Innovative Shelter Solutions for Asia’s Harshest Environments: ABB Partners with Aga Khan Agency for Habitat
The remote mountain regions of Central and South Asia harbor some of the world’s most beautiful landscapes — and some of its harshest environments. Large-scale natural disasters like earthquakes and floods are, unfortunately, both unusually common and unusually deadly here. Political instability and generational poverty in places like Afghanistan, Tajikistan, and the contested borderlands claimed by India and Pakistan compound the already monumental challenges local residents face.
Many residents of these harsh lands live in small towns or rural communities underserved by traditional infrastructure. Some live in solid houses, but others have more rudimentary dwellings prone to damage or collapse in natural disasters or even run-of-the-mill storms. Even in the best of times, “building stronger” is not always an option in resource-poor communities. After a disaster, it’s all but impractical.
To that end, Karim Allana and a dedicated group of professionals at Allana Buick & Bers (ABB) are working on a shelter solution that could meaningfully improve safety, comfort, and quality of life for millions of people in this part of the world. In partnership with Aga Khan Agency for Habitat, an initiative of the Aga Khan Development Network, the ABB team is working to improve a modular shelter system designed for rugged environments.

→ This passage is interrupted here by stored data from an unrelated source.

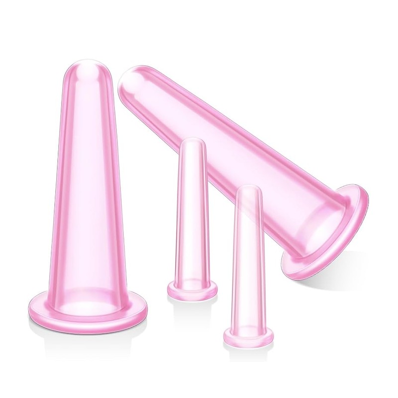 - Cupping Massage Set: This set includes 4 silicone cupping massage cups in vibrant pink color, designed for facial and eye area cupping massage.
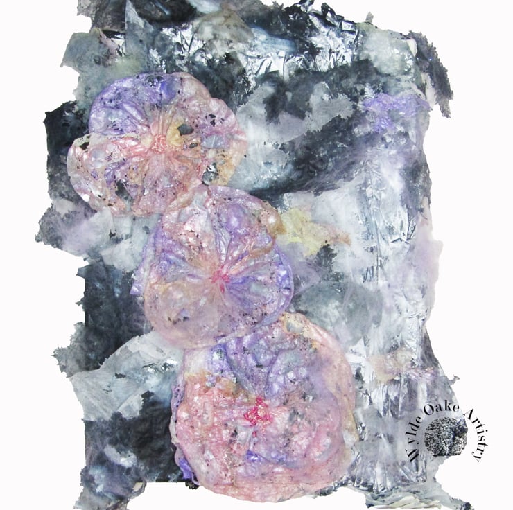 Original mixed media wall art - fragile, gently decaying blooms captured at dusk as the remaining light of the day bounces off fading petals reminding the view of the warmth of the day.
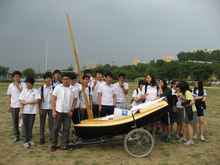 Last time when we carried HD24 to the Han River behind our school, a heavy wooden-made wagon made us sweat a lot. Therefore, a need for a new trailer to carry her occurred to us. We decided to make that trailer as light as possible as we did on our yachts and used wheels form a wheelchair, which had been in our club room, and some carbon pipes for building. By this point you might think our club room must be quite messy, and I have to say that this room is more like a chamber of secrets than any other ordinary club room.
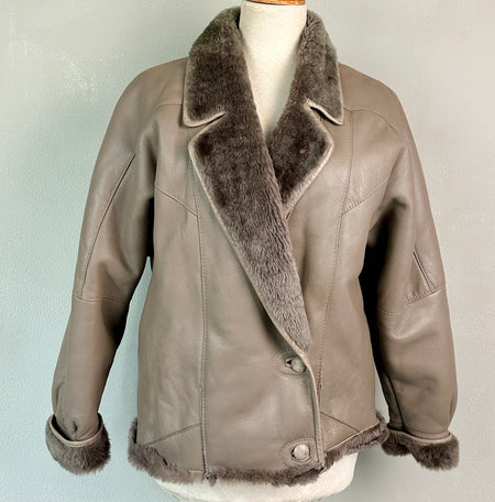 Taupe leren reworked jas
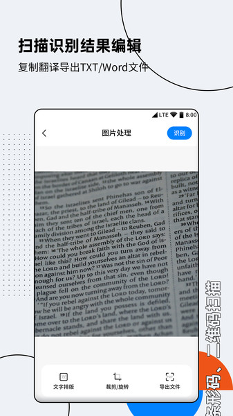 软件支持扫描各类文件、图片、书籍等,快速提取所需文字内容。其强大的OCR技术可识别中文、英语、日语、法语、德语、俄语等十余种语言,满足国际化需求。智能剪裁功能可自动优化文档边界,去除杂乱背景,确保识别效果清晰准确。识别结果自动分段排版,完美还原原文格式。用户可直接将内容转换为PDF或提取文字,还能实现多语言全文互译,无需切换其他翻译应用,一站式解决扫描翻译需求。
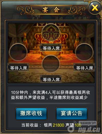 国宴-摆宴款天底下客人如果你觉得银两与威望来的很慢,可以尝试一下摆放国宴。
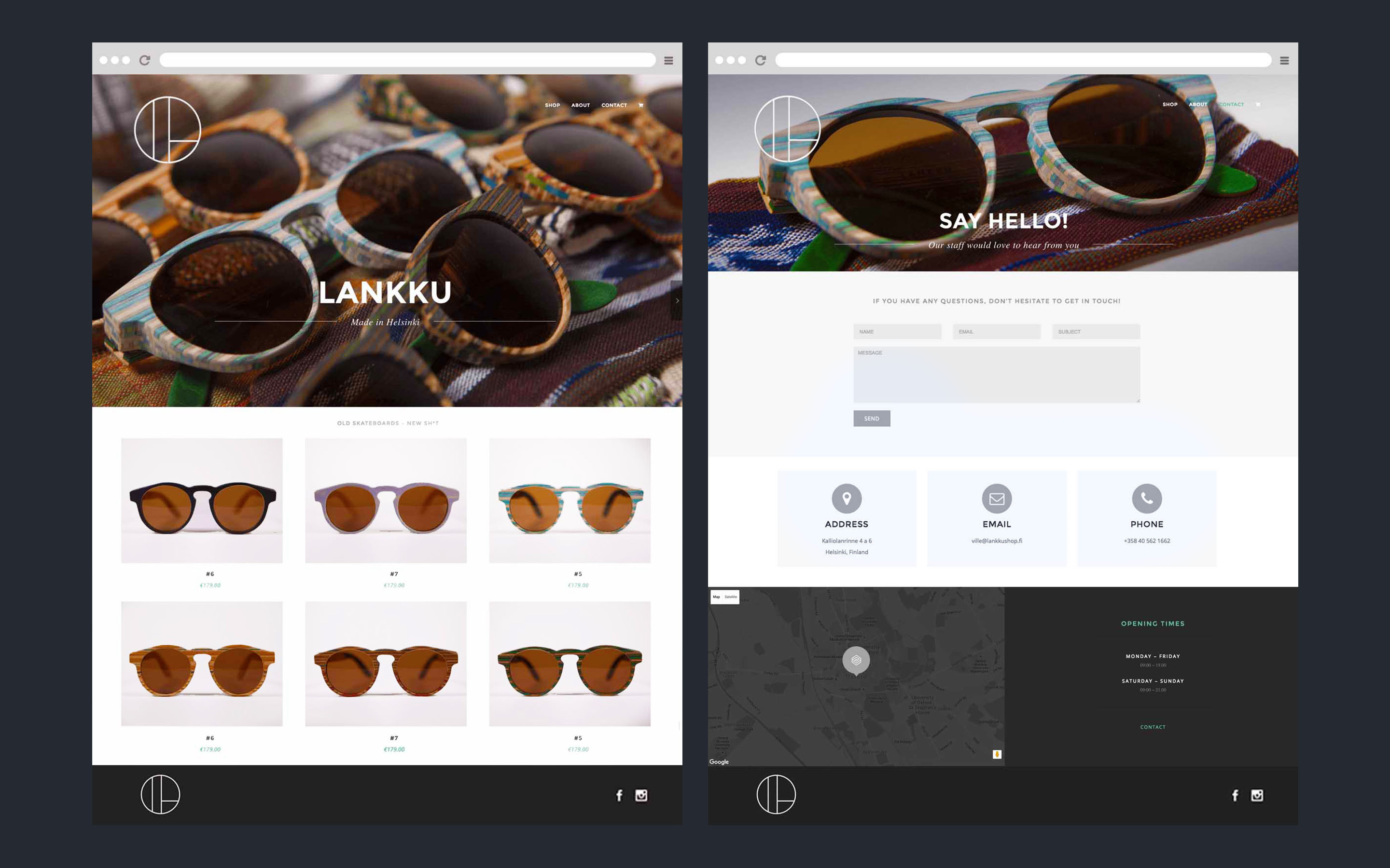 Lankku Eyewear was born from skate culture and crafted in Helsinki, Finland. Each pair of glasses is handmade from recycled skateboard decks, layered with scratches, colors, and stories from their past life. No two frames are ever the same, and I wanted the brand identity to carry that same spirit of individuality.
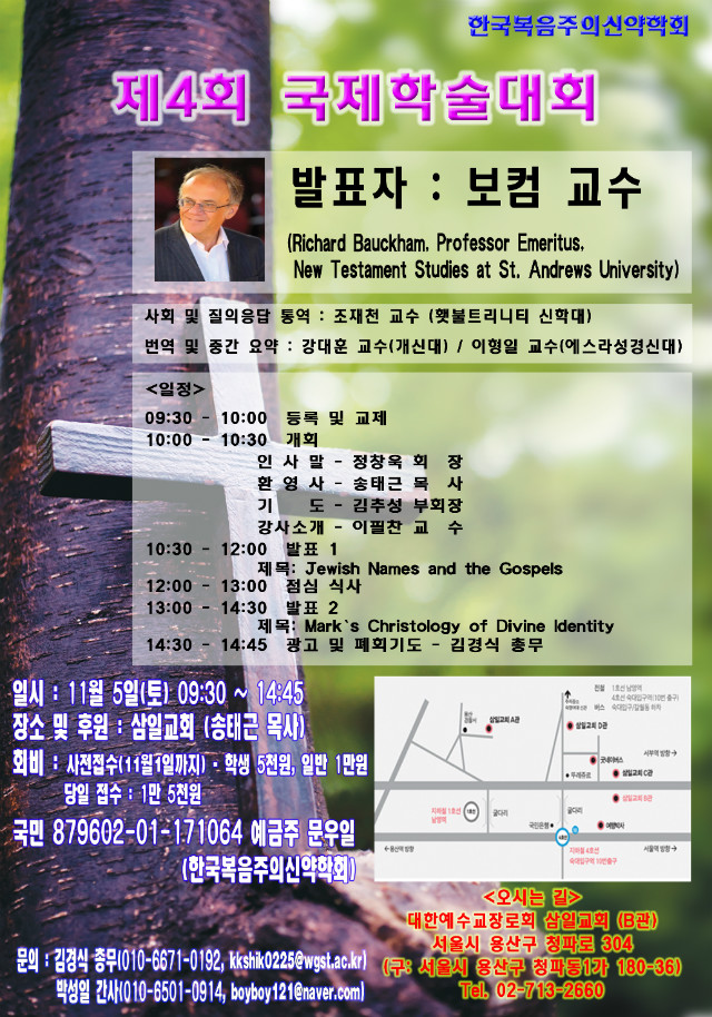 강사: 리처드 보컴 박사(영국 성앤드류대학교/ 신약학 명예교수)
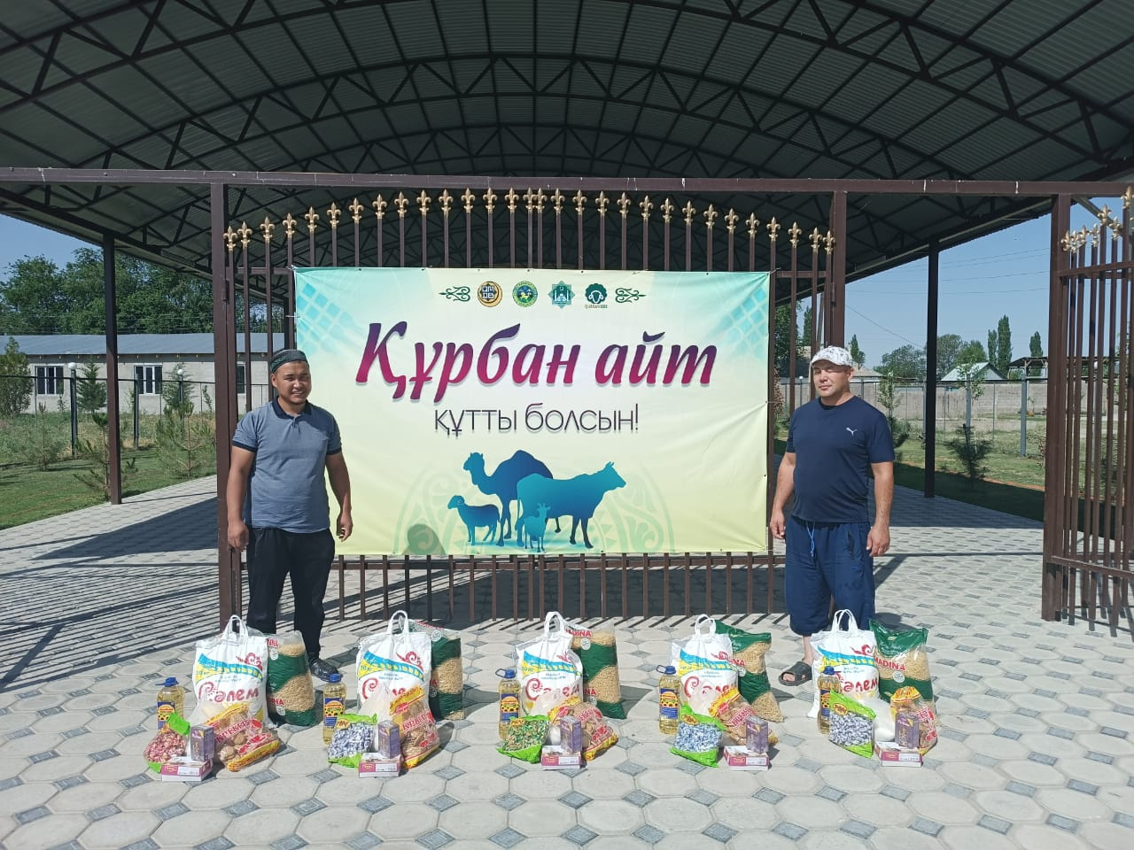 Меркі ауданы, Қызылқыстақ ауылы «Әл-Кәрим» мешітінің жамағаты «Құрбан айт» мейрамы қарсаңында айттық дастархан үлестірді.
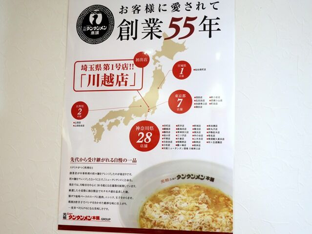 ニュータンタンメン本舗(イソゲン系)は創業55年、埼玉初出店。ニュータンタンメン川口店・蕨店は元々きんけ系で、草加店は以前イソゲン系でしたが、店名をニュータンタンメン本舗草加店→ニュータンタン草加に変更、イソゲン系を離れた模様。
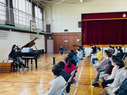 ピアノが好きな得意な子達でコンサートを企画、学年のみんなに披露してくれました。
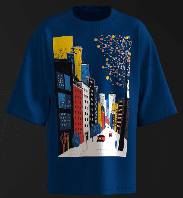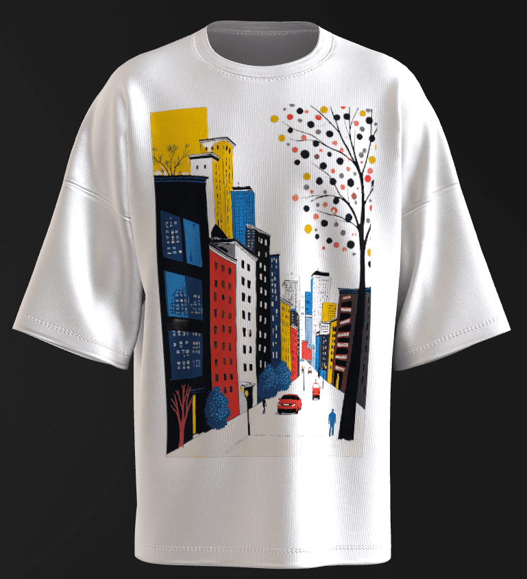 Buildings are painted in pure primaries (red, yellow, blue) plus black and white — almost like a child’s building-block set brought to life. This creates instant joy and optimism.
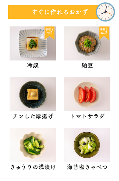 無理をして凝ったおかずにする必要はありません。買ってすぐに食べられる「お豆腐」や「納豆」でも全然大丈夫です。

The work builds on a partnership between Aga Khan Agency for Habitat and Better Shelter, a Swedish enterprise that offers low-cost, modular shelter solutions for displaced and vulnerable populations. Better Shelter began as a collaboration between the Ikea Foundation and the UN Refugee Agency (UNHCR) back in 2010 and has steadily expanded its work serving disaster-impacted communities in the years since.
ABB is providing materials and consulting on an improved design for a prototype emergency shelter that can house individuals and families at scale following natural disasters. The 300- to 500-square-foot prototype is expected to improve upon existing models with a focus on durability, ability to withstand the subzero temperatures frequently observed during Himalayan winters, earthquakes, floods and other disasters and ease of setup in communities without electricity service.
These shelters must be able to last for years, if not decades, as communities wait on rebuilding aid to reach them. They must also be designed to accommodate larger families with a range of cultural needs. They must be modular for ease of expansion and modification — a recognition that, for better or worse, these are often semi-permanent lodgings. Finally, they must be easy to deliver along complex supply chains, from “first mile” shipping to transoceanic ocean transport to “last mile” delivery into remote mountain areas with rudimentary-at-best road systems.
ABB’s work won’t be done after the consultation phase. The team plans to collaborate with Aga Khan Agency for Habitat on their shelter-design efforts to date, take note of lessons learned, and then develop a prototype that better serves the needs of the region’s population. After that, the real work begins: sourcing materials, building, and testing the prototype itself.
This will be a multi-year effort, to be sure. But the potential payoff is enormous. Aga Khan Agency for Habitat has served more than 3 million people to date, building safe water systems for more than 600,000 people and constructing some 5,000 basic institutional structures — schools, hospitals, community centers — using the latest in resilient construction technology. With ABB’s help, it’s poised to make an even greater impact on an even more basic level: ensuring reliable and durable access to life-sustaining shelter amid unimaginable hardship.